Exclude the pictures and repeat all of the data exactly.

Material provided:
-------

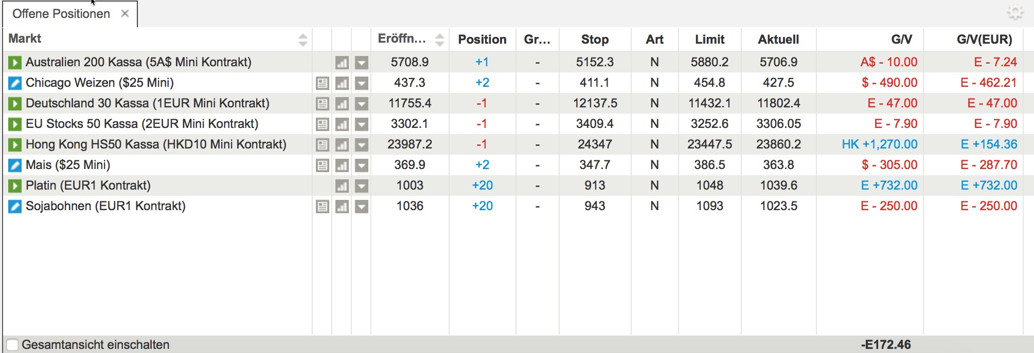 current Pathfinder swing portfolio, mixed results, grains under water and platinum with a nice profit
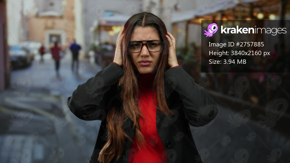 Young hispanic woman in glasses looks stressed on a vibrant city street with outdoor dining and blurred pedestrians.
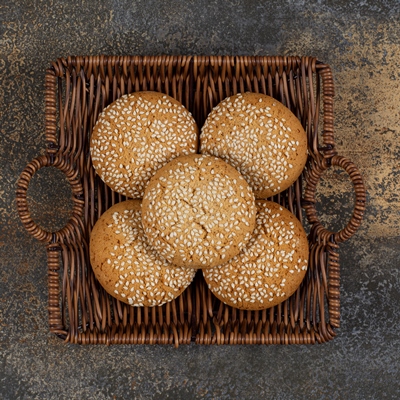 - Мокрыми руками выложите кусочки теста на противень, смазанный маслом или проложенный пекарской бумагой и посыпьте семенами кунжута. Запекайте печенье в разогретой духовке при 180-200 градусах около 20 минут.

-------

Completed task:
 current Pathfinder swing portfolio, mixed results, grains under water and platinum with a nice profit
 Young hispanic woman in glasses looks stressed on a vibrant city street with outdoor dining and blurred pedestrians.
 - Мокрыми руками выложите кусочки теста на противень, смазанный маслом или проложенный пекарской бумагой и посыпьте семенами кунжута. Запекайте печенье в разогретой духовке при 180-200 градусах около 20 минут.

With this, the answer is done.